Begin at the line below that has "Discover the power". Stop after the line that has "The image depicts", repeating each line exactly and leaving out the pictures.
**** Available data
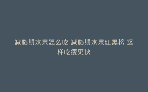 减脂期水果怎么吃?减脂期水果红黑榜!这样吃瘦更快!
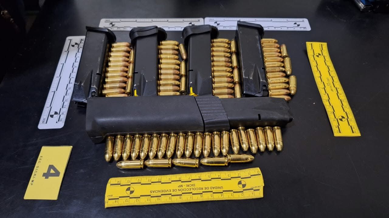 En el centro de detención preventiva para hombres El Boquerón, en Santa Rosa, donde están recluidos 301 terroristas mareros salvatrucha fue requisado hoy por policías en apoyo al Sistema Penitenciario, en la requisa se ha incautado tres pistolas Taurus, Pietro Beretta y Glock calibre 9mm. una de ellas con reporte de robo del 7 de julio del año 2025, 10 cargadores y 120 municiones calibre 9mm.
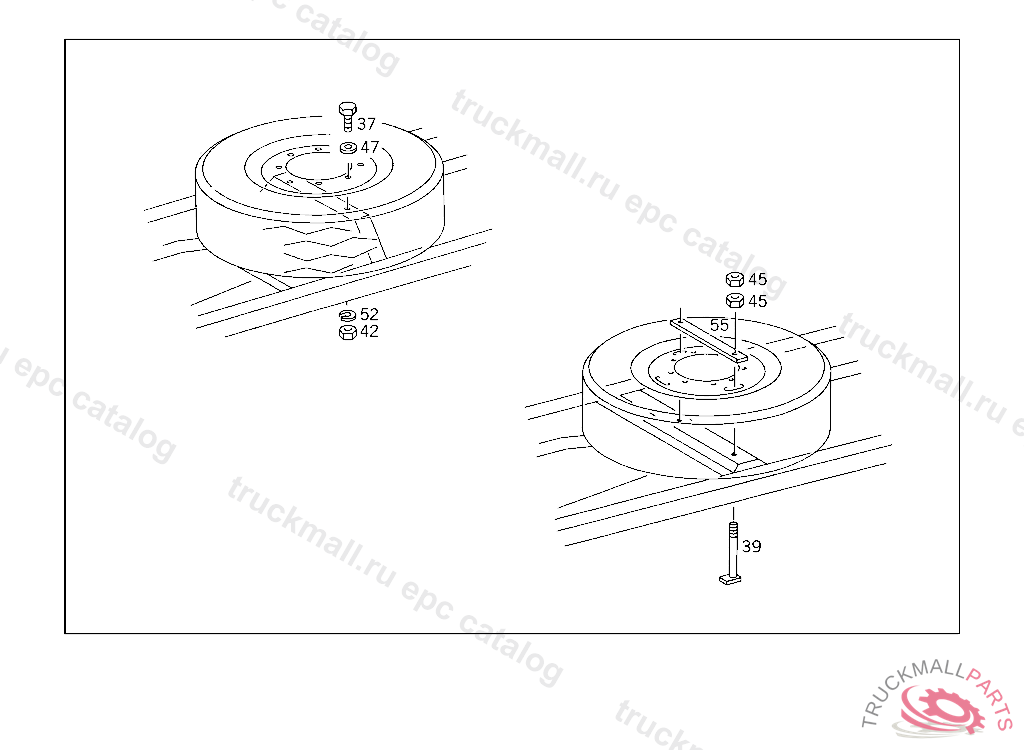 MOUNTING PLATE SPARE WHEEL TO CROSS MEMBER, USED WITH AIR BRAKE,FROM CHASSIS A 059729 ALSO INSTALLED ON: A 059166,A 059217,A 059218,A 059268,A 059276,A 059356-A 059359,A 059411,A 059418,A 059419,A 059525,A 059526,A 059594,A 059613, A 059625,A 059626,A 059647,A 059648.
********
**** Available data
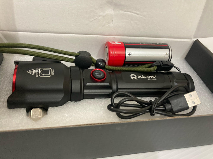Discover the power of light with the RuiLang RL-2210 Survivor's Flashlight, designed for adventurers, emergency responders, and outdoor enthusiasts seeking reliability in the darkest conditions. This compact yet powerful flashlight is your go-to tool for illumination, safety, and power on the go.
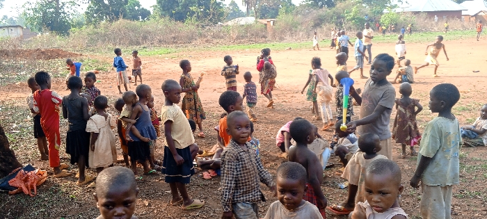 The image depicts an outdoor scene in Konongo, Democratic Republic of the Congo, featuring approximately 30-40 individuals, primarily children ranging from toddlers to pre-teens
********
**** Available data
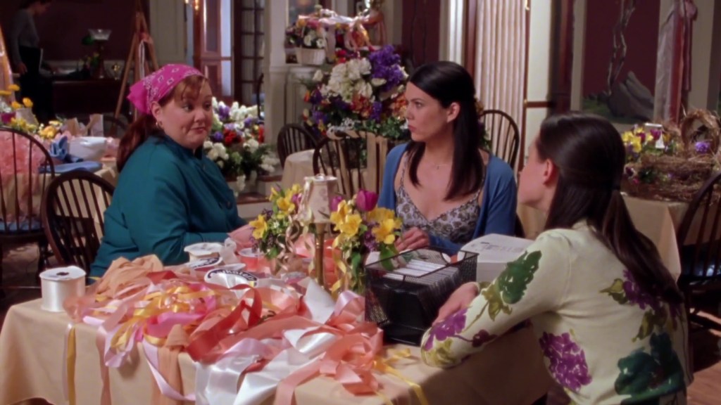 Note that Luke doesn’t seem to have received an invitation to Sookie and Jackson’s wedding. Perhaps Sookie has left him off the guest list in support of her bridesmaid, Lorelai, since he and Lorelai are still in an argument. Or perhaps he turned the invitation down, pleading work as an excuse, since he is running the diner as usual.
********
_Written response_
Discover the power of light with the RuiLang RL-2210 Survivor's Flashlight, designed for adventurers, emergency responders, and outdoor enthusiasts seeking reliability in the darkest conditions. This compact yet powerful flashlight is your go-to tool for illumination, safety, and power on the go.
 The image depicts an outdoor scene in Konongo, Democratic Republic of the Congo, featuring approximately 30-40 individuals, primarily children ranging from toddlers to pre-teens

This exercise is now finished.